Michael David Little (born April 29, 1976) is a Canadian politician. He has served as the mayor of the District of North Vancouver, British Columbia, since 2018.

==Early life==
Little grew up in the Seymour neighbourhood in the east end of the district. He attended Capilano University and graduated with a degree in political science from Trinity Western University. In 1999 he began working for Westran Intermodal, a transportation and reloading company owned by his family. Politically, he volunteered for Reform Party MP Ted White, and later worked as a legislative assistant for Conservative MP Mark Warawa.

Little first ran for District Council in 2002 at the age of 26. He ended up winning 3,432 votes, over 3,000 votes behind the sixth place finisher who won the last council spot.

==Council career==
Little served on North Vancouver's District Council from 2005 to 2014. He was first elected in the 2005 municipal election, running on a platform of shifting "the tax burden off residential taxpayers by generating new sources of revenue" and promised to explore more shared services with neighbouring municipalities. On election day, he won 5,453 votes, placing fifth on the six-seat council. He was re-elected in the 2008 municipal elections with 6,506 votes in third place, and in the 2011 municipal elections with 7,401 votes in second place. While on council, he served as a director with the Greater Vancouver Labour Relations Bureau, where he oversaw public negotiations with municipal employees. He was also a board member of the Metro Vancouver Environment and Parks Board.
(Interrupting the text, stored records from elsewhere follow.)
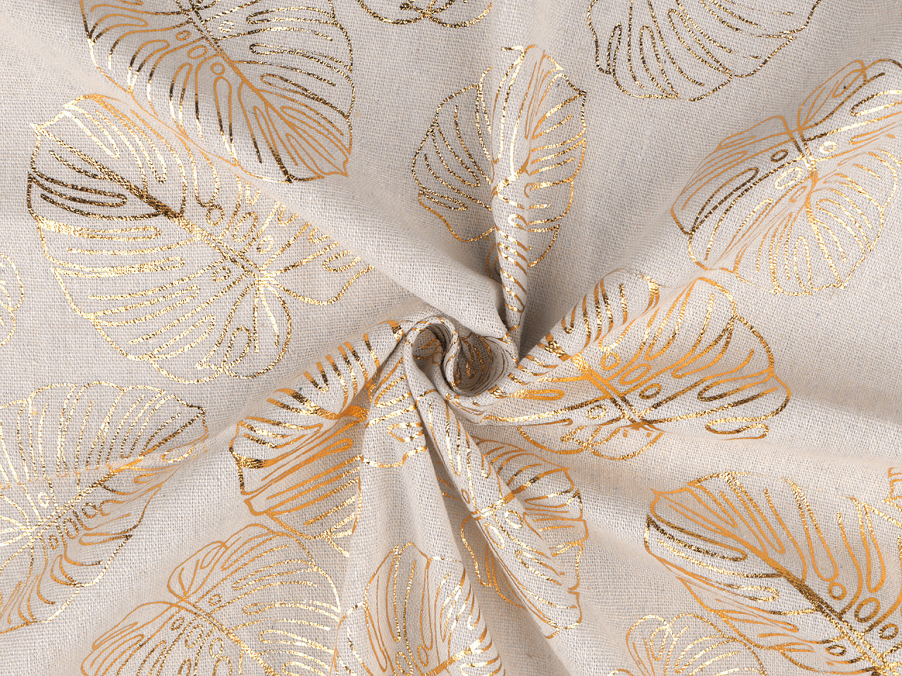 Objevte bavlněnou metráž s imitací lnu a elegantním potiskem tropické monstery – ideální volbu pro originální bytové dekorace i praktické šití. Díky plátnové vazbě působí látka na pohled i dotek jako přírodní len, přesto si zachovává všechny výhody pevné bavlny. Je hrubší a odolná, skvěle se hodí na šití tašek, ubrusů, běhounů, prostírání, dekoračních polštářů nebo dětských teepee stanů.
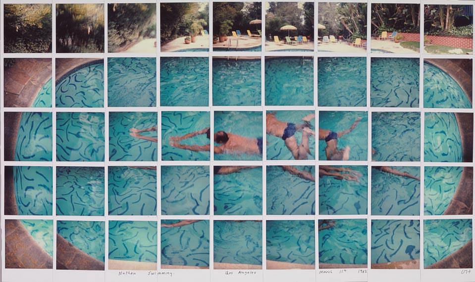 A cool, sunlit pool interrupted by an anonymous splash. Pop art meets California minimalism. - Portrait of an Artist (Pool with Two Figures) (1972, Private Collection)
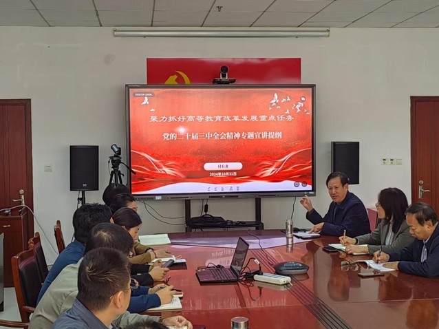 10月31日下午,AGE动漫 院长付有龙在办公楼362会议室为学院全体党员进行党的二十届三中全会精神专题宣讲,主题为“聚力抓好高等教育改革发展重点任务”。
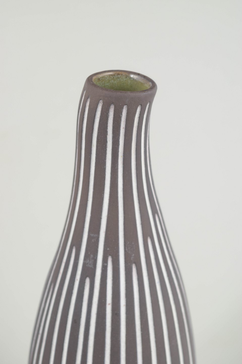 Slender, elongated stoneware vase with characteristic hand-painted white striped décor on a dark brown body. An elegant example of Nordic modernist design.
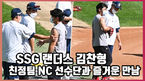 [OSEN=인천,박준형 기자] SSG 김찬형이 18일 오후 인천 SSG랜더스필드에서 열리는 2021 신한은행 SOL KBO리그 NC 다이노스와의 홈경기를 앞두고 NC 옛 동료들과 반가운 만남을 가졌다.지난 5월 21일 NC 다이노스에서 SSG로 트레이드 된 김
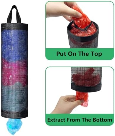 MESH HANGING STORAGE DISPENSER: Plastic bag organizer is with hanging design, it can be easily hung over the door, walls, cabinet or anywhere, saving your space and facilitating storage and use
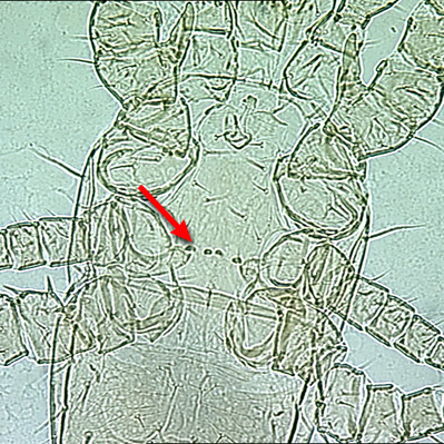 (= palp apotele, palptarsal claw) the most distal segment of the palp; absent in Acariformes, claw-like in Opilioacarida, and a subdistal, tined structure in the Mesostigmata. 3-tined.............................. 6
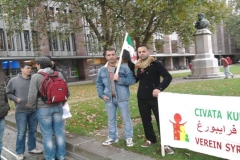 وهذا نص البيان الذي وزعه الناشطين الكورد بدأت الأنتفاضة السورية في مناخ شهدتها الثورات العربية الشعبية ضد أنظمتها القمعية, الاستبدادية, من مدينة درعا البطلة وتوسعت رقعة الإحتجاجات السلمية حتى أمتدت لكل المدن السورية.إن إنطلاقة الثورة السلمية , ثورة الحرية والكرامة , رغم أستخدام النظام كل ما يملكه من قوة عسكرية وشبيحتة لم يستطع أسكات حناجر المتظاهرين السلميين من أجل سورية جديدة , سورية حرة , سورية تعددية .دخلت الاحتجات السلمية شهرها السابع ويستخدم النظام القمع الوحشي ضد المدنيين , والاطفال,وقطع الكهرباء وشبكة الانترنت عن المدن وعزلها عن العالم الخارجي , وقصف المدن وقتل النساء, والجرحى في في المستشفيات ما هي إلا إنتقام من الشعب السوري, وجرائم ضد الانسانية, حسب تقارير منظمة العفو الدولية , ومنظمة هيومن رايت وتش. ,وقد بلغ ضحايا القمع في سورية حتى وصلت الى2700وبحسب تقرير منظمة الامم المتحدة لحقوق الانسان. هي إدانة مباشرة لنظام الاسد وشبيحته.إن أستخدام نظام الاسد القوة والعنف ,ومحاصرة المدن بالدبابات,وقصف المدن بالطائرات, ما هي إلا أكذوبة للإصلاحات الذي ورد في خطاباته المتتالية منذ بدء هذه الاحتجاجات السلمية,وحاول النظام ويحاول جاهداّ استغلال وزرع الفتنة الطائفية والعرقية لتقويض الوحدة الوطنية ,والسلم الاهلي. وقد أقدم النظام الفاشي على الأعتداء بالضرب على البرلماني السابق رياض سيف , وقيامه بإغتيال الناشط السياسي الكردي مشعل التمو7.10.2011 وجرح نجله والانسة زاهيدة رشكيلو.لهو بادرة خطيرة لترهيب السكان المدنيين.عرف المناضل الشهيد مشعل التمو بناشطه السياسي في سورية عامة وبين شعبهالكوردي خاصة,مدافعا عن الديمقراطية مشعل التمو: مواليد1958 وقد أعتقل بتاريخ 15.08.2008 وحكم عليه ثلاث سنوات ونصف على خلفية آرائه السياسية ,وأفرج عنه في 5.06.2011 وقد سبق أن تعرض لمحاولة إغتيال فاشلة في9.09.2011.إن الشعب السوري بعربه وكورده وأقلياته قد حسم أمره, إنه لاعودة إلى ما قبل الخامس عشر من اذار حتى أسقاط النظام والأنتقال إلى دولة مدنية تعددية, دولةتسود فيها المساواة في الحقوق, وتحقيق للعدالة الأجتماعية ,ومفهوم المواطنة ,سورية لكل مواطنيها, كورده وعربه وجميع أقلياته .إن تردد المجتمع الدولي وحتى هذه اللحظة, عدم صدور قرار من مجلس الامن الدولي للإدانة النظام وحماية المدنيين,وذلك بإرسال مراقبيين دوليين كما ينص عليها وثائقحقوق الإنسان من حماية للمدنيين العزل,لهمّ شركاء مع النظام في قتل المدنيين العزل.عاشت سورية حرةعاشت الثورة السوريةالمجد والخلود لشهداء الثورةتجمع الكرد السوريين في فرايبورغ وتوابعها لدعم الثورة السوريةFreiburg den 13.10.2011Cevak-kurd@gmx.de
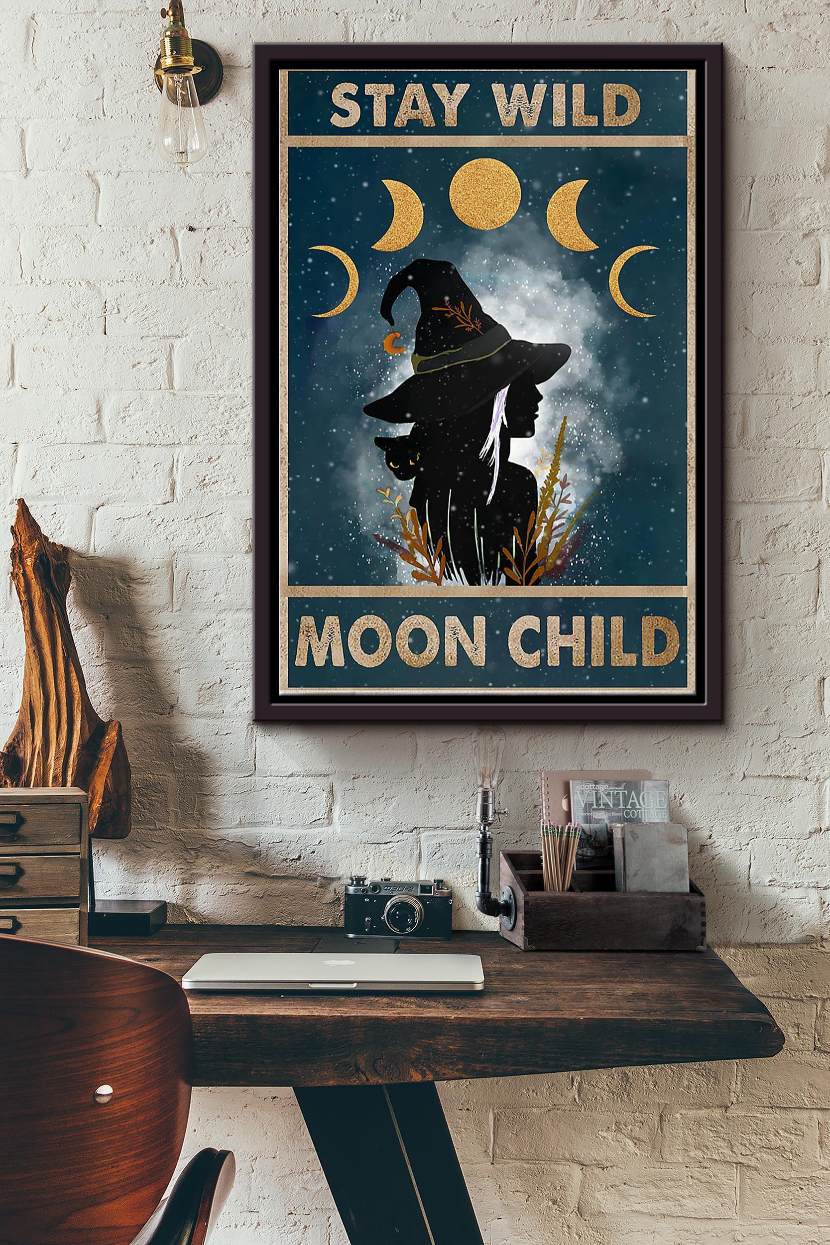 Stay Wild Moon Child Girl With Moon Phase Poster Framed Matte Canvas
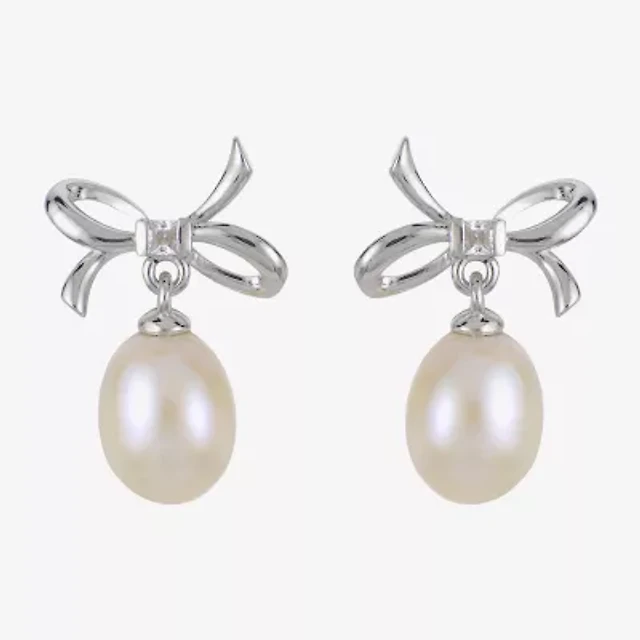Womens Dyed White Cultured Freshwater Pearl Sterling Silver Drop Earrings
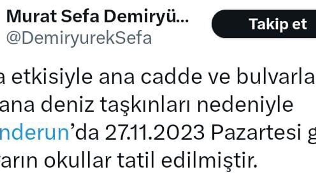 Kuvvetli sağanak yağış ve fırtına sonrası İskenderun Kaymakamı Murat Sefa Demiryürek sosyal medya hesabından yaptığı açıklamada, “Fırtına etkisiyle ana cadde ve bulvarlarda meydana gelen deniz taşkınları nedeniyle İskenderun ilçesinde 27.11.2023 Pazartesi günü okullar 1 gün tatil edildi” ifadelerini kullandı.
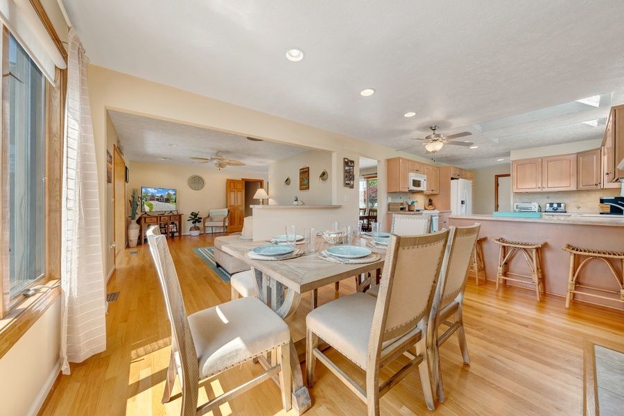 Step inside to bright, open spaces filled with natural light and beautiful views of the lake. Relax in the comfortable living areas, share meals indoors or outside on the large deck, and enjoy time together in the game room, stocked for hours of fun.

Little decided not to run for re-election in the 2014 municipal election because he had been nominated as the Conservative Party of Canada candidate in the 2015 Canadian federal election in Burnaby North—Seymour. During the federal election campaign, he "went invisible", avoiding all-candidates' meetings and media interviews, something that was not rare for Conservative candidates during the election, who stated a preference for door-to-door canvassing. On election day, he placed third with 14,612 votes, over 4,000 behind the winning candidate, Terry Beech of the Liberals.

==Mayoral career==
Following the decision of mayor Richard Walton to not run for re-election, Little announced his intention to run for mayor in the 2018 mayoral election in May of that year. Upon entering the race, he stated he planned on making housing and transportation his main issues. On election day, Little beat public health worker Ash Amlani, the candidate for the Building Bridges party by over 8,000 votes. Upon his election, Little promised he was "going to deal with traffic, affordability and density." He was concerned with affordable rentals being ton down and replaced with condos.

Little was re-elected in the 2022 mayoral election, by a razor-thin 322 votes, defeating councillor Mathew Bond. Little campaigned on his "deep engagement in the community" and his work on the TransLink Mayors' Council on Regional Transportation.

In 2026, Little along with Linda Buchanan, the mayor of the City of North Vancouver called for a public inquiry into the cost of a new wastewater treatment facility, the North Shore Wastewater Treatment Plant, whose projected cost had escalated from $700 million to $3.86 billion.

==Personal life==
Little has lived in North Vancouver for his entire life. He is married and has four children. He lives in the Seymour area.